= DESCRIPTION OF THE TASK =
Below are some records. Write out the lines from the one containing "Sézane’s collaboration with" to the last line, word for word, leaving out pictures.

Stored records
-- Opening Marker --
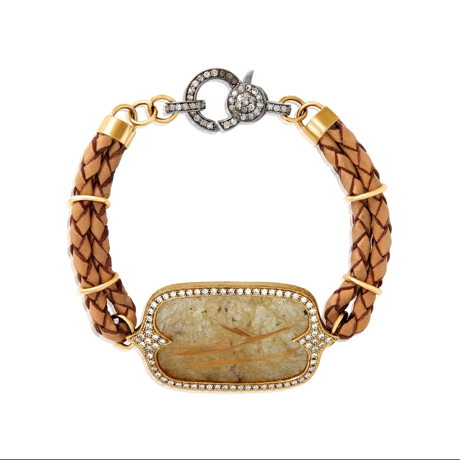 Pave Diamond Golden Rutilated Shield Leather Bracelet
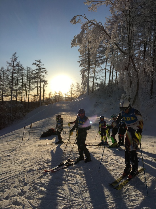 朝7:00リフト営業で日の出がとても綺麗でした 朝日を浴びたトレーニング開始前の選手達 この日の朝も良い練習が出来ました
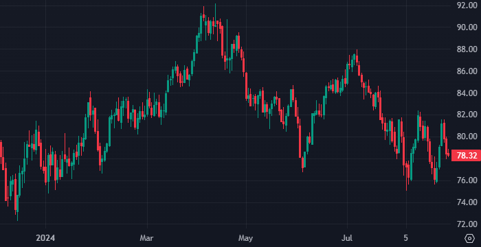 Цена нефти Brent интервалами 1 день
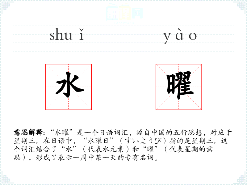 “水曜”是一个日语词汇,源自**的五行思想,对应于星期三。在日语中,“水曜日”(すいようび)指的是星期三。这个词汇结合了“水”(代表水元素)和“曜”(代表星期的意思),形成了表示一周中某一天的专有名词。
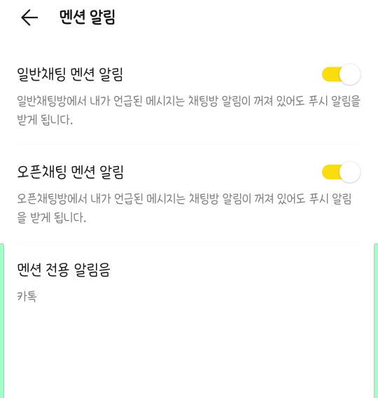 멘션 알림 메뉴에 들어오면 일반채팅 멘션 알림, 오픈채팅 멘션 알림이 있습니다. 멘션에 대해 언급하고 싶지 않거나 알림을 받고 싶지 않은 경우라면 두 개의 멘션에 대해 모두 끄기를 누르면 됩니다. 만약 광고가 난무하는 오픈채팅의 멘션만 끄고 싶다면 오픈채팅의 멘션만 끌 수도 있습니다.
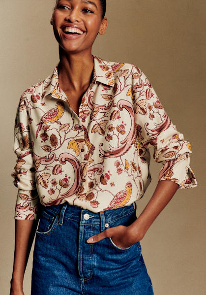 Sézane’s collaboration with Antoinette Poisson, the celebrated French maison renowned for its artisanal wallpapers and decorative papers, brings its historic savoir-faire to its first prêt-à-porter collection.
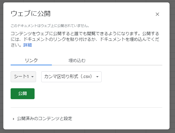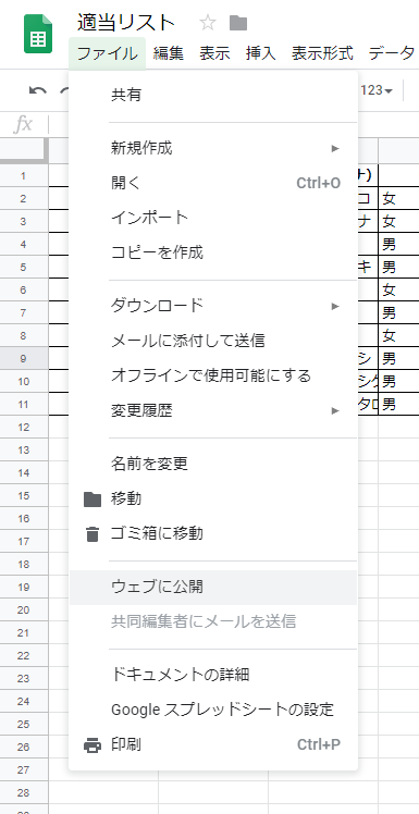 Googleスプレッドシートを作成し公開
-- Closing Marker --
= ANSWER BELOW =
 Sézane’s collaboration with Antoinette Poisson, the celebrated French maison renowned for its artisanal wallpapers and decorative papers, brings its historic savoir-faire to its first prêt-à-porter collection.
 Googleスプレッドシートを作成し公開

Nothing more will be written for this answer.